Della Crewe (1884–1926) was an American long-distance motorcyclist known for her endurance cross-country trip from Waco, Texas to New York City in 1914.
Crewe was born in Racine, Wisconsin and moved to Waco, Texas around 1910. There she worked as a manicurist. She was known for being an experienced traveler, and a family member suggested she explore the country by motorcycle. Her motorcycle for the trip was a Harley-Davidson two-speed twin-engine with an attached sidecar. She called it The Gray Fellow. She was given a Boston Bull Terrier as a gift and she named the dog Trouble, being quoted as saying “Trouble is the only trouble I will have with me on this trip.”

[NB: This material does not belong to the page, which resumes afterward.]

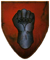 Stonehold's coat of arms is blazoned thus: Gules, a sinister hand of stone couped above the wrist, clenched, proper.

Crewe began her trip on June 24, 1914, and journeyed from Waco to Dodge City, Kansas for motorcycle races. She then went to St. Louis, Missouri for the annual convention of the Federation of American Motorcyclists. In Chicago she met C. H. Lang, Harley-Davidson’s first motorcycle dealer. She reached Milwaukee in the autumn where she was feted by the stenographers who worked at the Harley-Davidson offices. Crewe and her dog arrived in New York City in December 1914 after traveling 5,378 miles through ten states over six months. She detailed her travels for the Harley-Davidson Dealer and wrote the names of the locations she had traveled through on her sidecar.

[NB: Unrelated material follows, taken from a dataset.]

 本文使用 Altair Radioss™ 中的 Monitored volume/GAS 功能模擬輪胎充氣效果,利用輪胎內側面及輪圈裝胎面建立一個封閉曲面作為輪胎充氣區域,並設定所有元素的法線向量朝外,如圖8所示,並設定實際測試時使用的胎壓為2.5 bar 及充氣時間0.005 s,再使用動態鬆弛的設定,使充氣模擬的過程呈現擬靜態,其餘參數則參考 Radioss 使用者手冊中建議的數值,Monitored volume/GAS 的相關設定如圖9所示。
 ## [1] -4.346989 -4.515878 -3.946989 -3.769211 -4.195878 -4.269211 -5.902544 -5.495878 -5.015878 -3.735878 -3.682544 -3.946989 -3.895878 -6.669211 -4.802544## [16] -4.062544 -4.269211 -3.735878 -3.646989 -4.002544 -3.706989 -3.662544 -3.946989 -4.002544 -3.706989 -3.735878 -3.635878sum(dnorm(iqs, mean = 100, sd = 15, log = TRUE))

Crewe had been intending to tour through Europe but her plans were changed because of World War I. She instead traveled to Jacksonville, Florida, planning to cycle through the American South continuing to Cuba and South America. She toured through Cuba and then shipped her motorcycle to Panama, visiting the Panama Canal. She next visited Jamaica and Puerto Rico, before returning to Florida where she then rode to New York City a second time. She kept up a correspondence with the Waco Daily Times-Herald which published her long letters recounting her trips.
In 1917 she drove an automobile from New York City to Los Angeles. She raised money for this trip by painting and selling landscape paintings while on the road.
In her later life she worked again as a manicurist and also as a department store clerk and a registrar. She opened her own beauty parlor in Lynwood, California and was working there until her death in 1926.